La mise en place d’une « caution retour » pour les étudiants
La proposition de loi prévoit également de remplacer l’aide médicale d’Etat (AME) par une aide médicale d’urgence (AMU), moins avantageuse, et de limiter l’accès au regroupement familial aux mineurs de moins de 16 ans, contre 18 aujourd’hui. Les députés LR proposent aussi la mise en place d’une « caution retour » pour les étudiants, une somme qui sera retenue en cas de non-respect d’une obligation de quitter le territoire français (OQTF) mais qui sera restituée si l’étudiant part volontairement ou obtient un nouveau titre de séjour. Parmi les mesures figure encore une facilitation des expulsions, avec le retour de la double peine, c’est-à-dire le fait d’expulser les étrangers après leur condamnation effectuée. Ce dispositif a été limité à de très rares cas de figure en 2003, par le ministre de l’Intérieur de l’époque Nicolas Sarkozy.
Une prochaine loi constitutionnelle pour s’émanciper des règles européennes
La fin de l’hébergement des déboutés de demande d’asile, et un placement en centre de rétention administrative des demandeurs d’asile ressortissants de « pays sûrs » dont la demande sera examinée sous quinze jours, sont aussi mentionnées dans cette proposition de loi LR.
Le parti d’Eric Ciotti prévoit en parallèle de déposer une proposition de loi constitutionnelle, dont les cadres LR ont d’ores et déjà affirmé qu’elle devrait permettre à la France de s’émanciper des règles européennes en termes d’immigration. De son côté, le gouvernement refuse tout affranchissement des traités européens.

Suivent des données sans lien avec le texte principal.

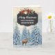 God jul för barnmorskkort med den rustiska land-kritan mönster och den snöfärgade skogsscenen med hjort och fåglar.

Sur le fond de la réforme qu’il propose, est-il question de revenir sur des traités comme la Cour européenne des droits de l’Homme ?

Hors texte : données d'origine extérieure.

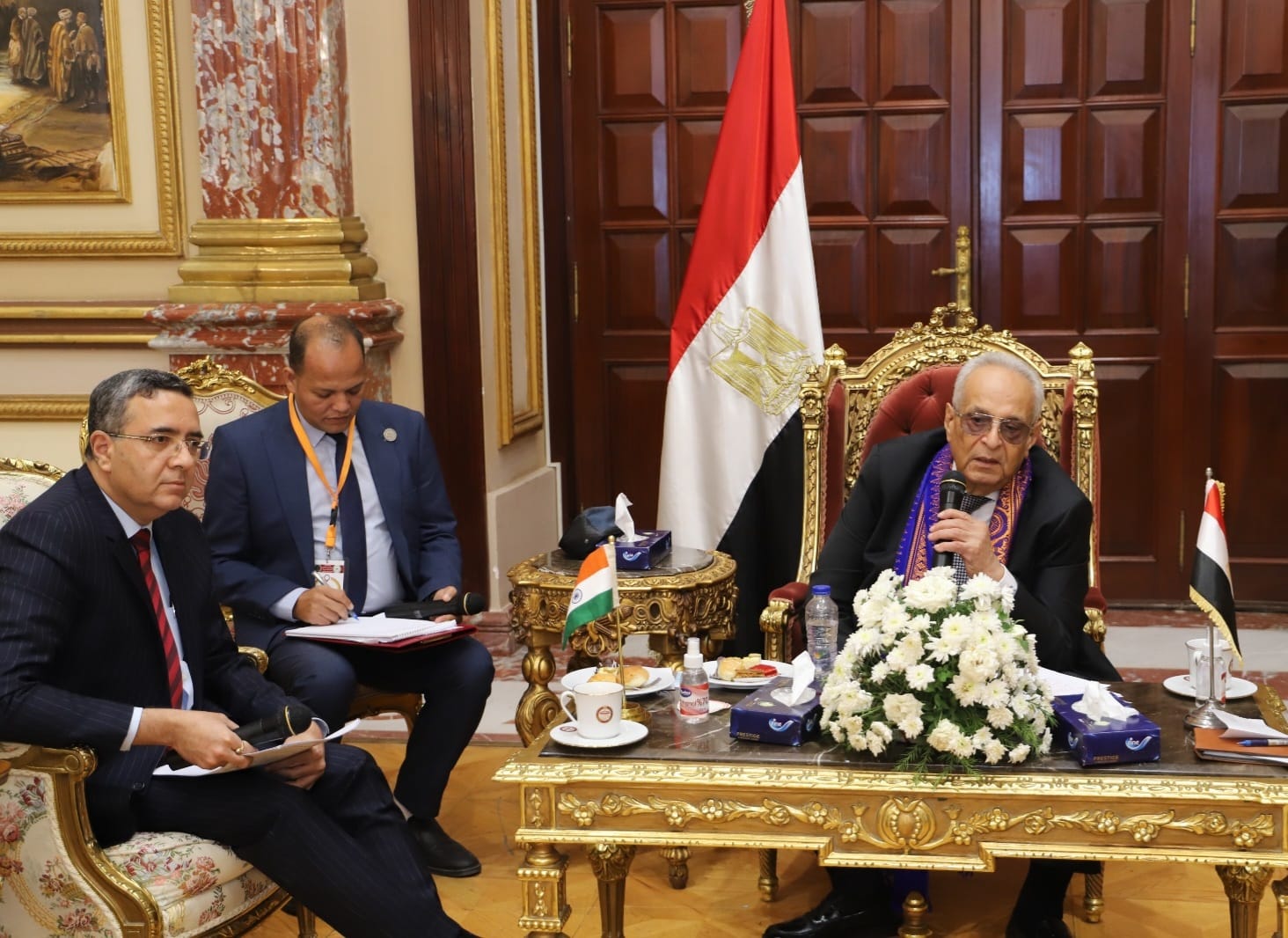 استقبل المستشار بهاء الدين أبوشقة، وكيل مجلس الشيوخ، اليوم بمقر المجلس وفدًا هنديًا برئاسة كل من إم. أبافو، رئيس المجلس التشريعى لولاية تاميل نادو السيد بيسواجيت دايمارى، رئيس المجلس التشريعى لولاية آسام.

« Je veux que les Français approuvent par référendum une réforme constitutionnelle qui nous permette de retrouver notre souveraineté et qui dise qu’en matière migratoire on ne peut pas subir la pression migratoire du fait de ces engagements Il faut dire que le droit national en matière migratoire doit primer en chaque circonstance.
Si demain nous sommes en responsabilité, les Français devront choisir. Et j’appelle le Président de la République à faire ce référendum : savoir qui on veut accueillir et qui on ne veut pas accueillir, c’est aux Français de le décider et pas à des textes qui ont une légitimité qui n’est pas installée », selon Éric Ciotti.

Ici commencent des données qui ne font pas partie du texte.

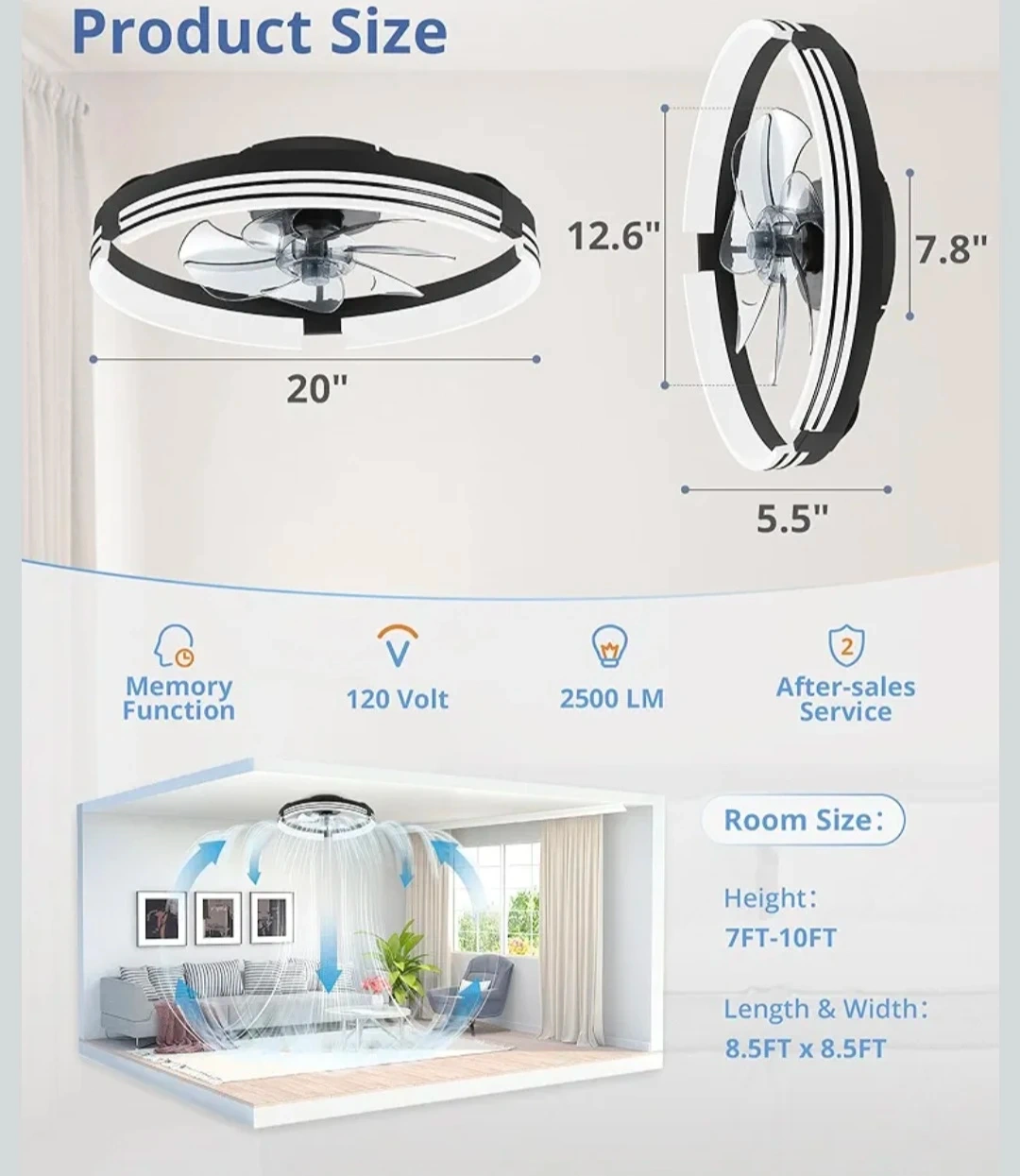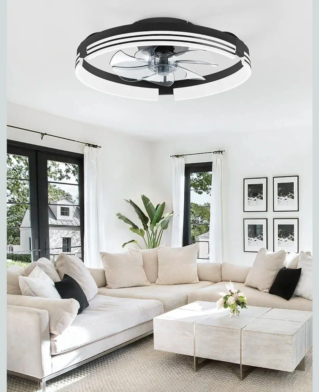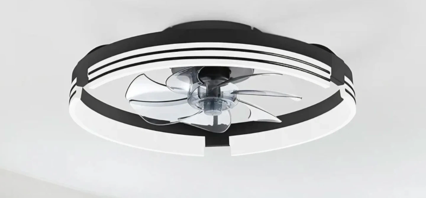 Modern LED ceiling fan with a light. It features a sleek design with a black and white finish. Remote and App control. 6 wind speeds. Reversible Motor And Quiet Fan.

Points de convergence et blocages
Le ministre de l’Intérieur Gérald Darmanin, qui se disait ce week-end en attente de prendre connaissance du texte, est ouvert sur certains points : la modulation de l’aide au développement à la mise en œuvre des laissez-passer consulaires par les pays concernés par exemple, ou encore l’ouverture des prestations sociales à partir de cinq ans de résidence.
Mais il y a des points de blocage qui sont toujours là : LR ne dit pas un mot sur d’éventuelles régularisations. C’est pourtant la mesure phare du gouvernement, qui de son côté continue de refuser catégoriquement l’idée de pouvoir s’affranchir des traités européens sur les questions d’immigration, voulue par la droite. Chacun avance donc ses pions, mais on est encore loin d’un accord qui permettrait le vote d’une réforme.